Daniel Gilbert: The possibility of a life free of suffering is as close to zero as I can imagine. It’s hard to imagine what that would be like. If we think about what emotions do for us—why the brain evolved feelings like happiness and unhappiness—it becomes perfectly clear that having positive feelings all the time is neither possible nor desirable.

What are feelings for? From the psychological and biological point of view, emotions constitute a primitive signaling system. They are your brain’s way of telling you when you are doing things that are or are not in your best interest. It’s no coincidence that fat, sugar, salt, and sex tend to make people happy. These things are, by and large, very good for mammals. They keep them alive and reproducing. It’s no surprise that a whack on the head or a scary face make people unhappy.
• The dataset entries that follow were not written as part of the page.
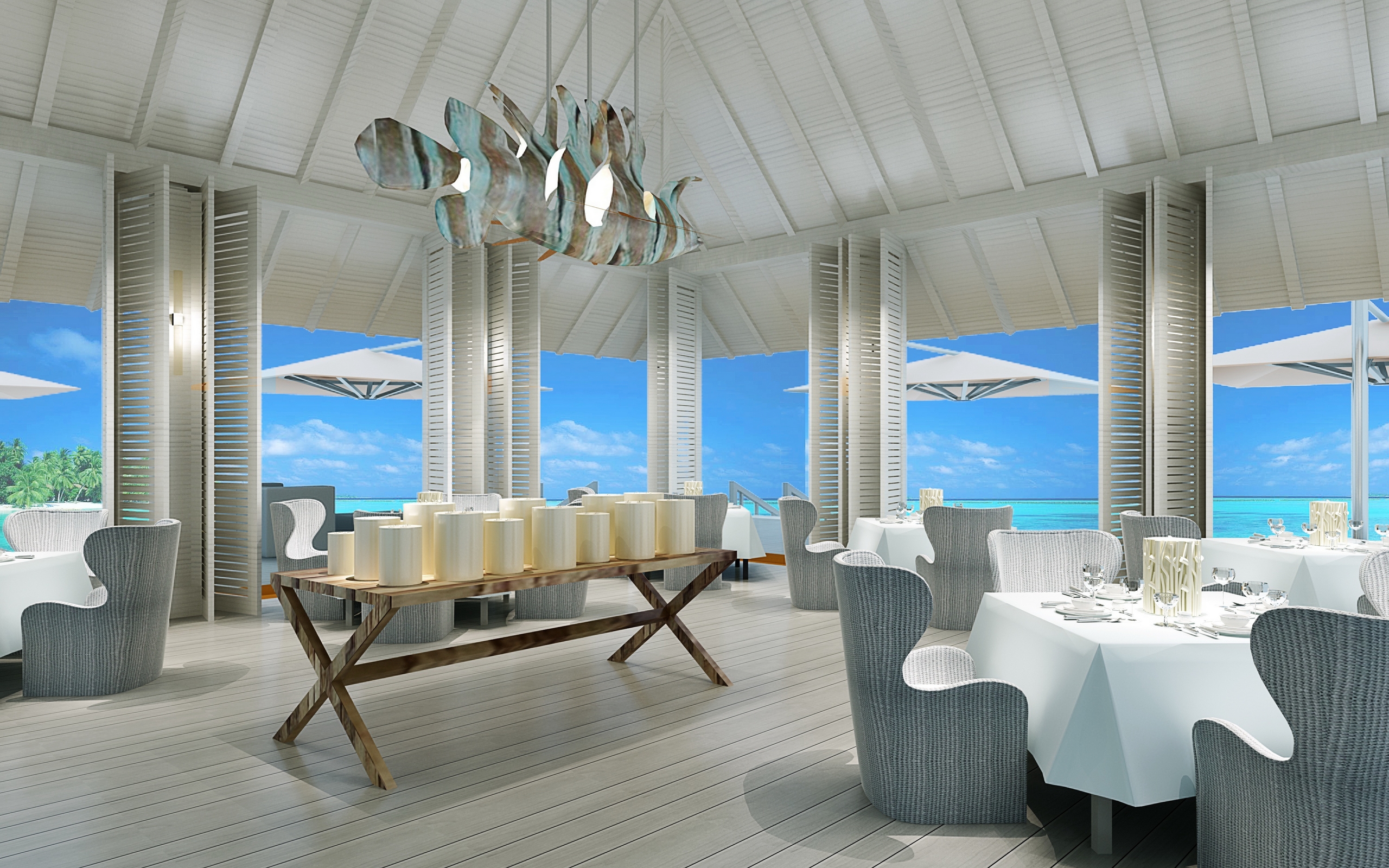 Description: A restaurant with a view of the ocean and the sky is empty of people or people.
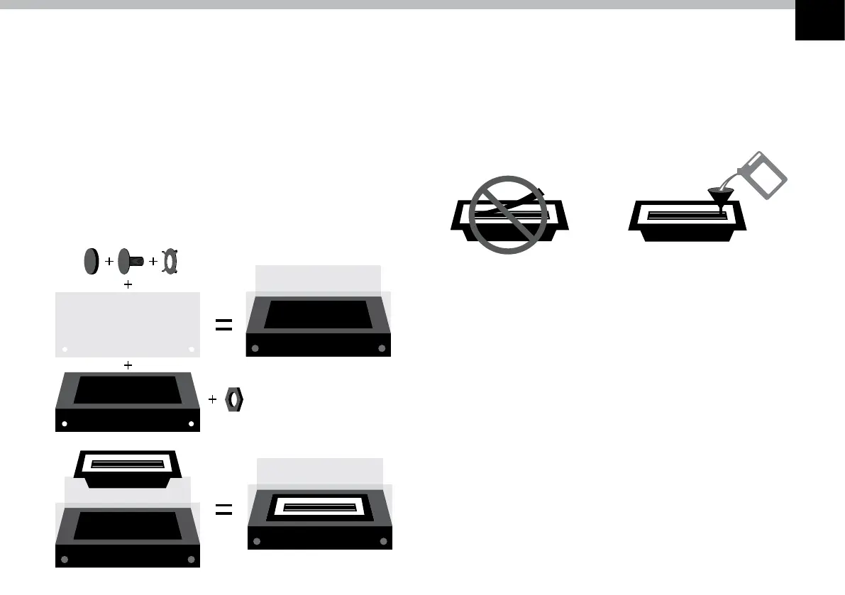 1. Mount the glass onto the metal frame with the screws.
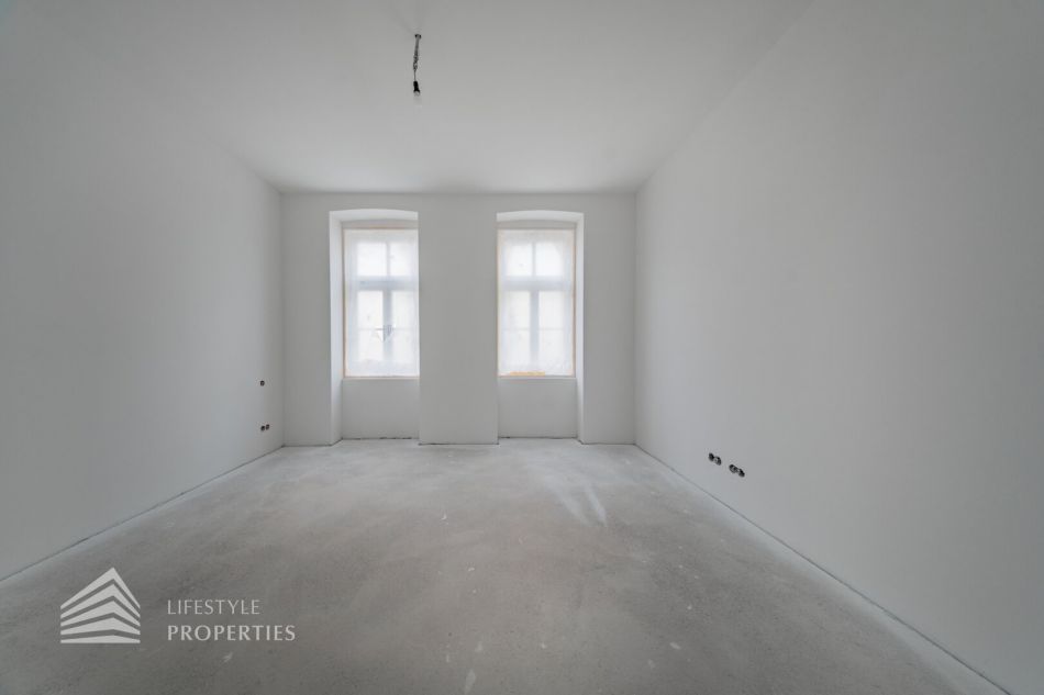Diese helle 4-Zimmer Wohnung mit ca. 104 m² befindet sich im 1. Liftstock, eines charmanten modernisierten Gründerzeithauses, in welchem 9 Wohnungen mit Wohnflächen zwischen 95 m² und 130 m² mit hochwertiger Ausstattung zum Verkauf gelangen. Die Wohnfläche gliedert sich in einen Vorraum, eine Wohnküche, drei Zimmer, ein Badezimmer, einen Abstellraum und eine separate Toilette. Zusätzlich dazu bietet Ihnen das Objekt eine ca. 17 m² große Terrasse. Alle Wohnräume sind mit hochwertigem Eichenparkett ausgestattet, während das Badezimmer mit zeitlos eleganten Fliesen versehen ist. In der gesamten Wohnung sorgt eine Fußbodenheizung für angenehmen Komfort.
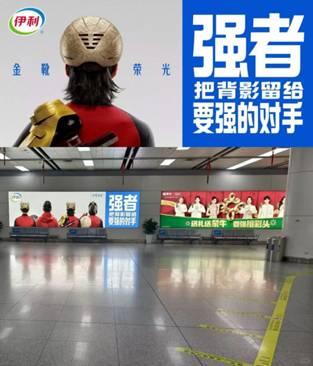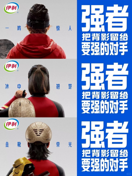 近日,就有不少网友在呼和浩特机场内,发现了一幅和传统印象中完全不一样的伊利海报。海报并未露出出镜人员的正脸,而是以背影和她们的装备来暗示自己的身份,配以「强者,把背影留给要强」的对手文案,与旁边蒙牛六位代言人正脸出镜的海报形成了鲜明对比。有趣的是,「营养世界每个人的要强」是蒙牛的广告语,「要强」也是其品牌主张,而伊利的文案巧妙的呼应了赛场上强者遥遥领先留给对手背影的事实,还为即将官宣的四位奥运健将代言人蒙上了一层神秘的面纱。
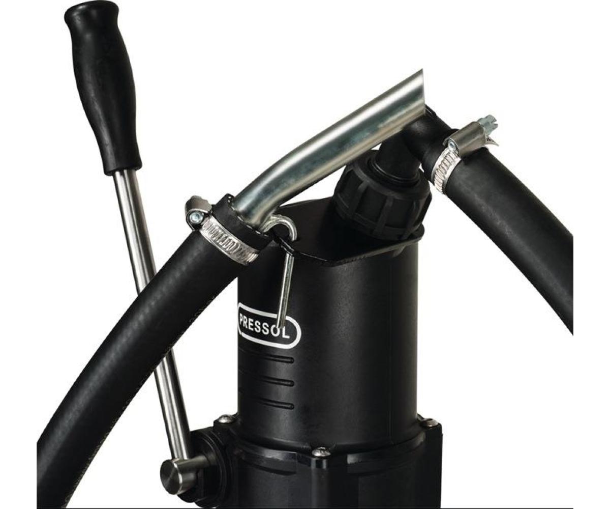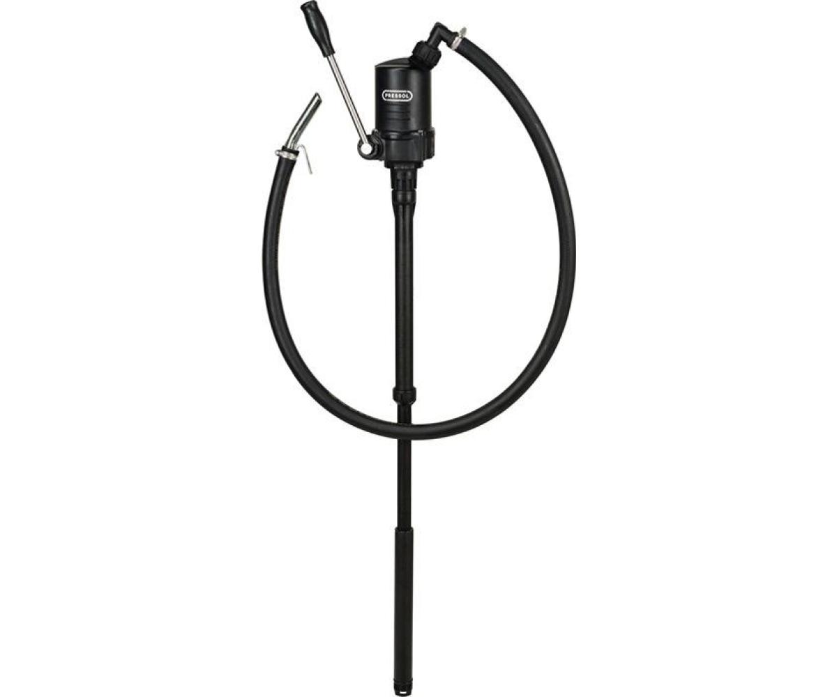 einfachste Fassmontage mittels Fassadapter und Stecksystem - im 30° Raster in 12 Positionen frei positionierbar · Pumpengehäuse mit Kolben, Handhebel und Kunststoffauslaufkrümmer · für stehende 60/200/220 l Fässer · Teleskopsaugrohr L. 355-955 mm · 2 Gewinde: M64 x 4 mm und G2? · Abgabeschlauch, 1500 mm, mit Stahlauslaufkrümmer · Schlauchhalter · für Öle bis SAE 50, Diesel, Petroleum, Kerosin, Glyzerin und Kühlerfrostschutz unverdünnt
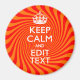 Your personalized Keep Calm saying on a vibrant orange and red swirl decor. A personalized Keep Calm style saying on a one of a kind gift. Humourous or whimsical try on your creative words on two editable lines of text. Remember to use CAPITAL letters for best results.
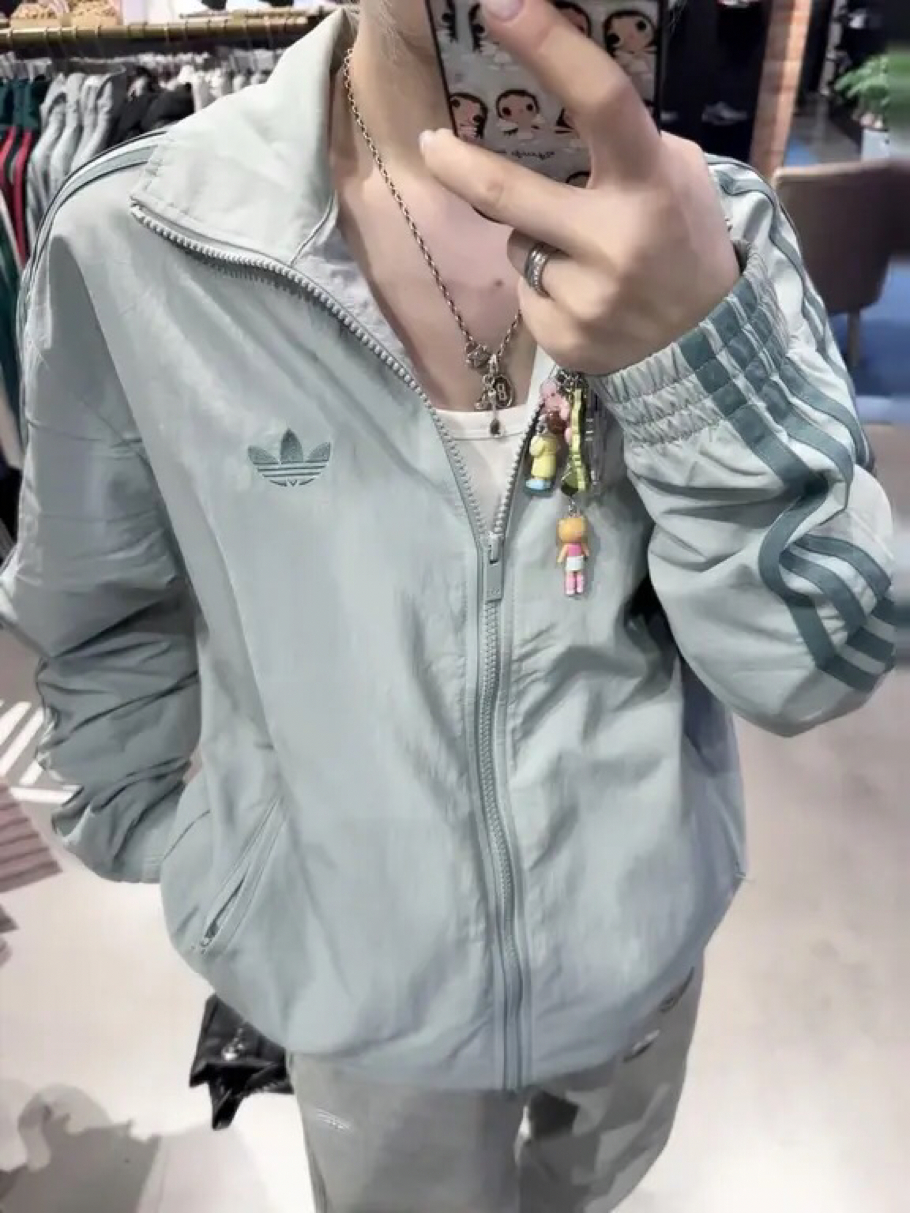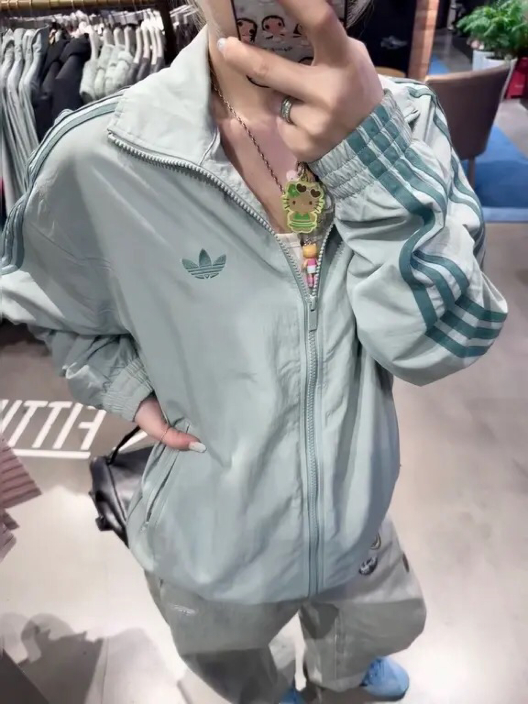 别再只看颜值了!这件三叶草夹克才是真正的“百搭神器”👇 ✅ 复古感:经典三条杠+立领设计,一秒回到90年代运动风 ✅ 轻薄透气:尼龙面料,春天穿不闷汗,夏天还能当防晒衣 ✅ 版型友好:宽松落肩剪裁,藏肉显瘦,对各种身材都包容 ✅ 搭配无压力:浅蓝+深绿撞色,搭白T、牛仔裤、百褶裙都好看 一衣搞定校园、通勤、出街,性价比直接拉满!
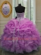 Superior Floor Length Lace Up Ball Gown Prom Dress Lilac for Military Ball and Sweet 16 and Quinceanera with Beading and Ruffles and Pick Ups
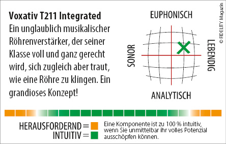 Dem vorzüglichen Klang stehe eine extrem geringe Ausgangsleistung gegenüber, die bei den Wirkungsgradmonstern von Voxativ allerdings kein Problem darstelle. Die Pi (um 90 dB) oder ihre Ablegerin, die 9.87 (bis 110 dB), holen aus dem Verstärker gehörig was heraus. Die Leistung des T211 Integrated auf einen Wert festzunageln sei derweil kaum möglich. Man gehe bei Röhren immer mit einem zugedrückten Auge an die Messung – zwei, drei Prozent Klirr seien hier eher Regel als Ausnahme.

They are dangerous. Your emotions, then, are a very rough, but not bad, guide to what’s good or bad for you in the world, a compass as it were.

What good is a compass always stuck on north? A compass needle has to be free to fluctuate. Similarly, an emotional system, substantiated in the human brain, has to be free to go from happy to unhappy. It can’t get stuck on endlessly blissful, or else it approaches everything or avoids everything equally. We are meant to be happy, and we are meant to suffer. We’re supposed to suffer when we are encountering circumstances that aren’t good for us.

Shambhala Sun: Do you believe that happiness can come from returning to a state of grace from which we have all strayed?

Daniel Gilbert: No. Many people have a kind of Luddite notion: “Let’s go back to the meadow, back to the Garden of Eden. It will be wonderful. It will all be like it used to be.” Well, it all used to suck. Women were oppressed, children were used like cattle, people raped, pillaged, and plundered, everybody lived to about the age of twenty-seven and had bad teeth! Who would want to go back? What we have right now is marvelous. It’s far from perfect, but our job is to make it better—not to go backwards, but to go forward.


Stumbling on Happiness, Shambhala Sun, January 2007.